The High-Tech Addiction
I already wrote about food addiction and addiction to certain feelings. I am discovering new addictions as technology advances to “serve” me, and I became aware that I am increasingly losing control over my life.
There is a Zen story that illuminates this point:
A peasant walks down the road holding a rope in his hand. At the other end of the rope a cow is tied.
“Why do you allow the cow to control you?” a passer by asks him.
“It is not controlling me. I am in control,” he replies.
” If you are in control, why don’t you let go of the rope than ?” he is challenged.
What you control also controls you. It is never a one-way street.
The same is true of new technological advances. They make our lives more pleasant, granted, but the more pleasant their contribution the more dependent on them we become, sometimes to the point of addiction: We can’t live without them.
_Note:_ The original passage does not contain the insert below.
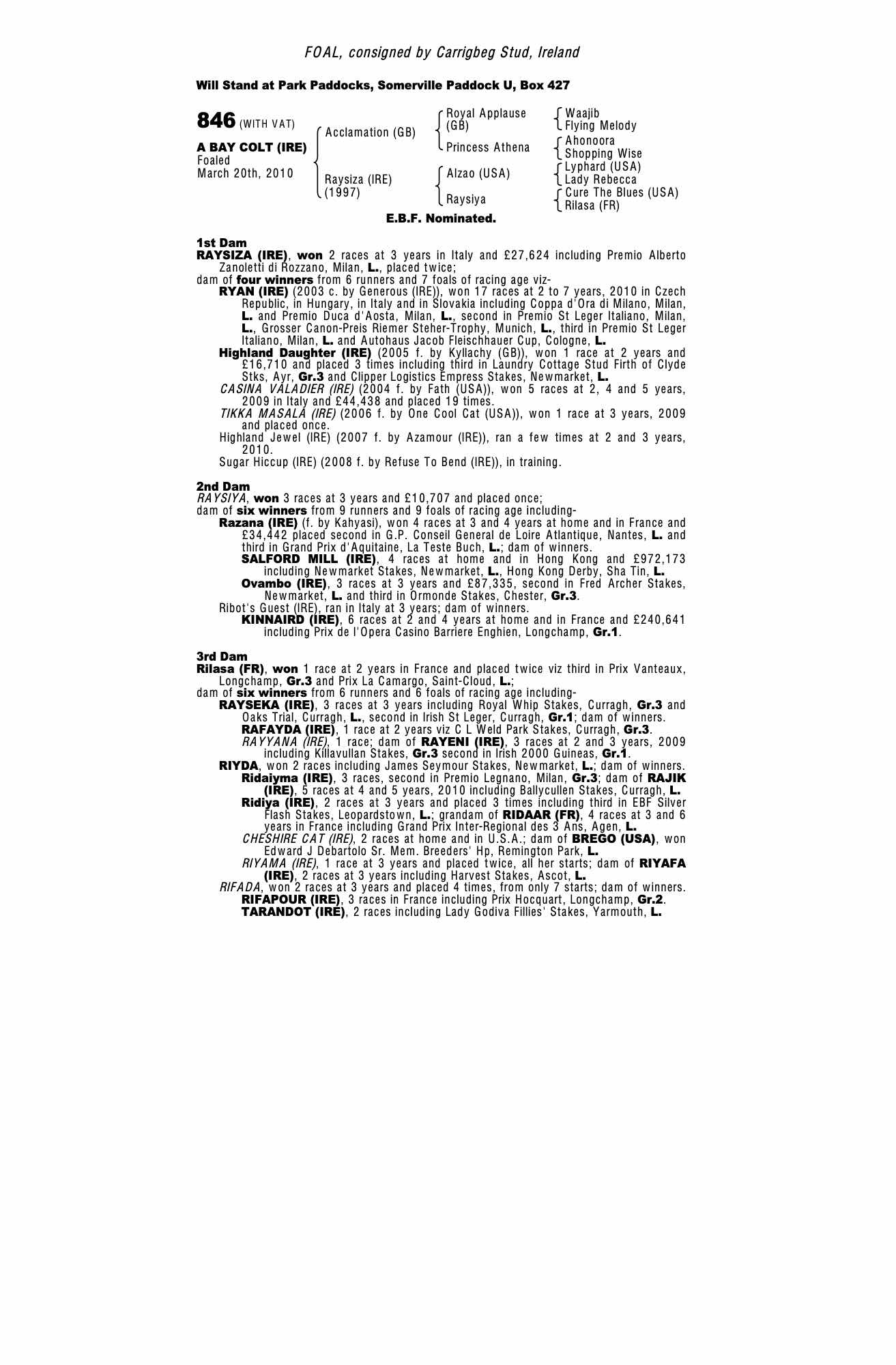Consignor: Carrigbeg Stud, Ireland

My new addiction is to devices which are supposed to make my life more efficient, And I believe I am not alone with this particular addiction. In my consulting practice I often work with up to thirty executives who attend a meeting in which I lead a discussion on a problem they are struggling with. I have been doing it for forty years, all over the globe. Over the years I have noticed a change in behavior: In so-called “developed” countries it is increasingly difficult to get the undivided attention of the group. Invariably, a large percentage of them are reading or typing on their BlackBerries or notebook computers during the discussion.
I ask them to stop, and they do; but within minutes they are back to the BlackBerries (aptly called CrackBerries by people addicted to them).
These executives are not the only ones who are literally attached to their BlackBerries at the hip. My spouse says she will not go with me to a movie unless I leave the BlackBerry at home. More than once my BlackBerry has vibrated during the movie and I, instead of watching the movie, start reading and answering emails.
My clients’ spouses tell me that if they were to get divorced it would be because of the BlackBerry or iPhone. Many of us will stop a conversation with our spouse, even in the midst of some painful discussion, to answer a call or text message. Sure, it can wait. Sure, it is not so critical that someone’s life is in danger. But we can’t leave the vibrating CrackBerry alone. Try to take it away from us and we will steal, lie, and cheat to get it back.
Typical addictive behavior, no?
And it is not just the BlackBerry or iPhone anymore. How about Facebook, and Twitter, and blogs? There are so many community-building, network-creating devices that my productivity is not going up, it is going down. Have you ever calculated how much time you spend on these devices?
Why do we behave like this? Addiction. We are addicted to knowing that someone needs us, wants us, or is there for us. From the perspective of the PAEI code, this seems to me like an (I) addiction, an addiction to affiliating.
This (I) addiction may be extremely potent because humans need to interrelated, to connect. The most severe punishment in prison is solitary confinement; prisoners lose their sense of being human.
This need of ours to relate to other people is being exploited, big time, now that Internet technology enables it. For instance my teenage son spends enormous amount of time in chat rooms. Try taking away his Internet privileges and he revolts as if I have prescribed a solitary confinement as a punishment.
Technology seems to free us. On one hand it frees us from isolation, it makes communication easier and more pleasant, but on the other hand it enslaves us because we become dependent on it.
What to do?
Stopping the advance of technology cannot and should not be done. (The Unibomber tried that and he has been sentenced to life in prison.) What is needed is self-discipline.
As with other addictions, who will survive? Those who have the will power to say “no.” No to toxic foods, drugs, and addictive technology. No to endless opportunities that, if we chase them all, leave us with no time to “live.”
Success is increasingly awarded to those who have inner strength.
Success is not out there. It is here.
And thus the problems we have are not “there” but “here.” We looked for the enemy and found it. And you know the answer to this question.